La Commission européenne a demandé au gouvernement d'instaurer des examens "systématiques" à propos de la fiscalité des entreprises en Irlande. En effet, de tous ses taux réduits pour la TVA, tels que son faible taux d'imposition sur les hôtels et les restaurants, la CE a jugé et aura prévenu que l'État dépendait trop des impôts des sociétés Irlandais.

Dans son rapport sur l'Irlande, la commission a souligné le nombre croissant de demandes sur les fonds publics à un moment où la reprise économique fait face à des menaces potentielles de l'étranger. Il a déclaré que, bien que les perspectives économiques «restent brillantes», les risques de Brexit et de la révision potentielle des régimes fiscaux internationaux pourraient miner les décisions des multinationales d'investir dans le pays.

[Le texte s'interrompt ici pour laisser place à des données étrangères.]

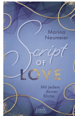
Script of Love - Mit jedem deiner Blicke (Love-Trilogie, Band 2)
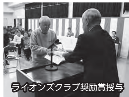
ライオンズクラブ奨励賞授与
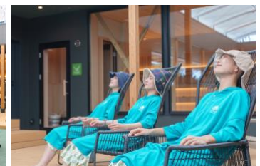
ととのいスペース
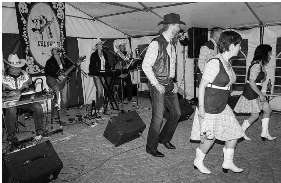
Country večer se skupinou Colorado.
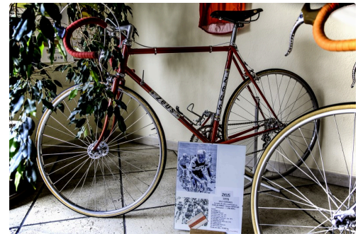
Vélo espagnol "Zeus" du type de celui que Luis Ocaña a utilisé au Tour de France 1976
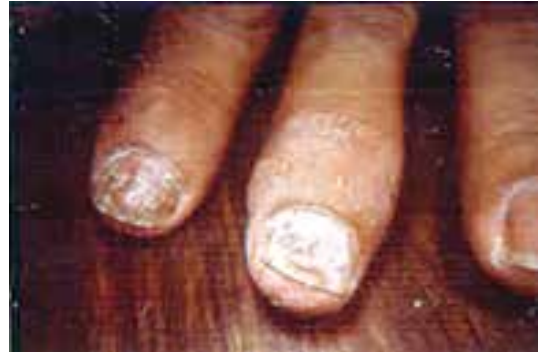
پسوریازیس ناخن با درگیری مفصلی
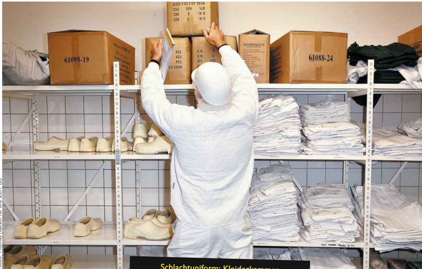
Schlachtuniform: Kleiderkammer in einer deutschen Fleischfabrik
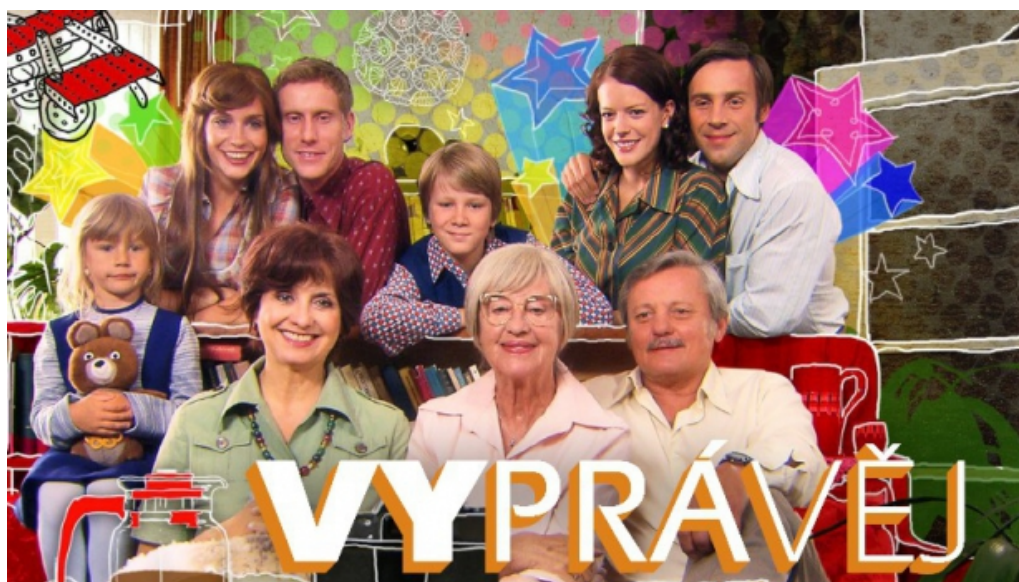
Obrázek 14: Úvodní fotografie III. řady seriálu
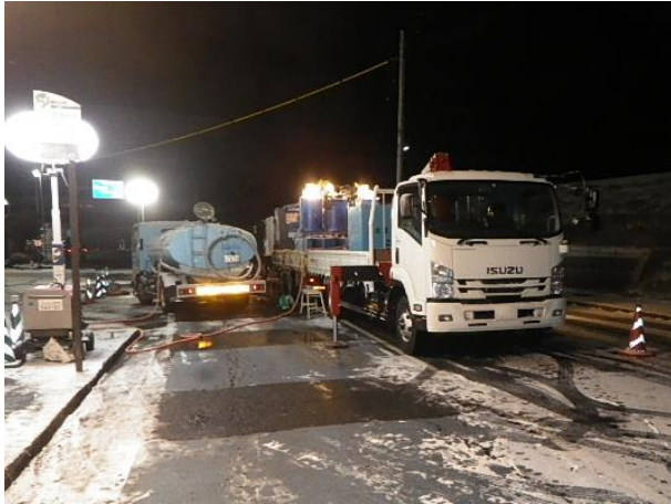
地盤改良(薬液注入)状況

2月は、下流側区間の既設5号幹線への割込み人孔築造に係る地盤改良を行いました。 3月は、引き続き、地盤改良を行い、仮設土留(ライナープレート)に着手します。
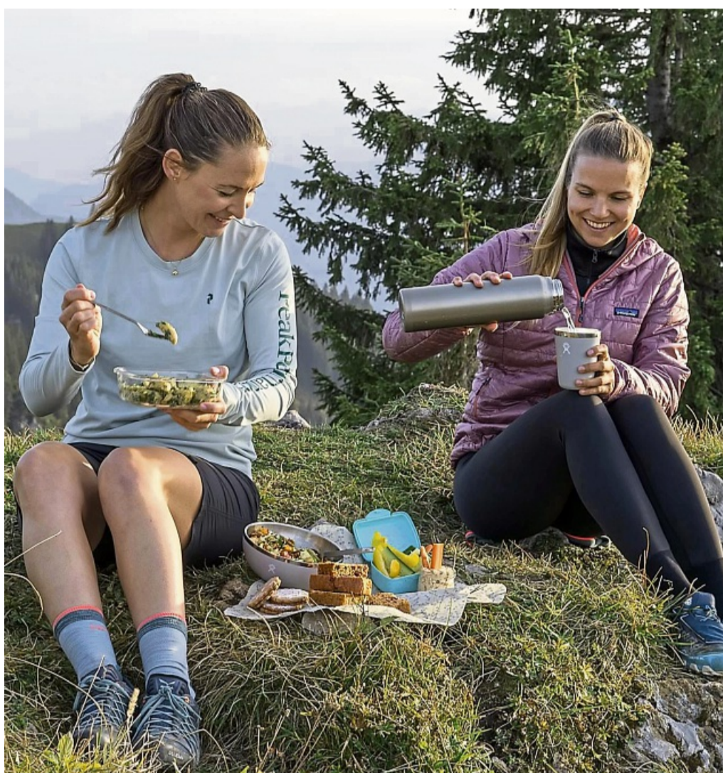
Leckeres Essen schön verpackt lässt sich bei einer Rast während der Wanderung gut genießen.

Für den Hokkaido-Hummus von Pauline Joos wird Kürbis in Scheiben geschnitten, im Ofen

Les niveaux de tva en IRLANDE sont dans le collimateur de l'Europe

Sur les niveaux réduits de la TVA, la Commission a déclaré qu'il n'y avait pas de «processus systématique pour évaluer les coûts et les avantages de la réduction des taux de TVA».

Il a reconnu un rapport publié par le ministère des Finances avant le budget en octobre qui a constaté que l'augmentation du taux de 9% TVA sur les hôtels et les restaurants retour au taux réduit standard de 13,5% apporterait 626 millions d'euros de recettes supplémentaires.

«Malgré cela, et le fait que les hôtels et les restaurants affichent de fortes performances, le gouvernement a décidé de maintenir le taux réduit de TVA comme tampon pour le secteur contre la faiblesse de la livre sterling, ce qui augmente le coût des vacances en Irlande pour les touristes britanniques». Selon le rapport.

La commission s'est dite préoccupée par le fait que le gouvernement finance des augmentations permanentes des dépenses au titre de l'impôt sur les sociétés.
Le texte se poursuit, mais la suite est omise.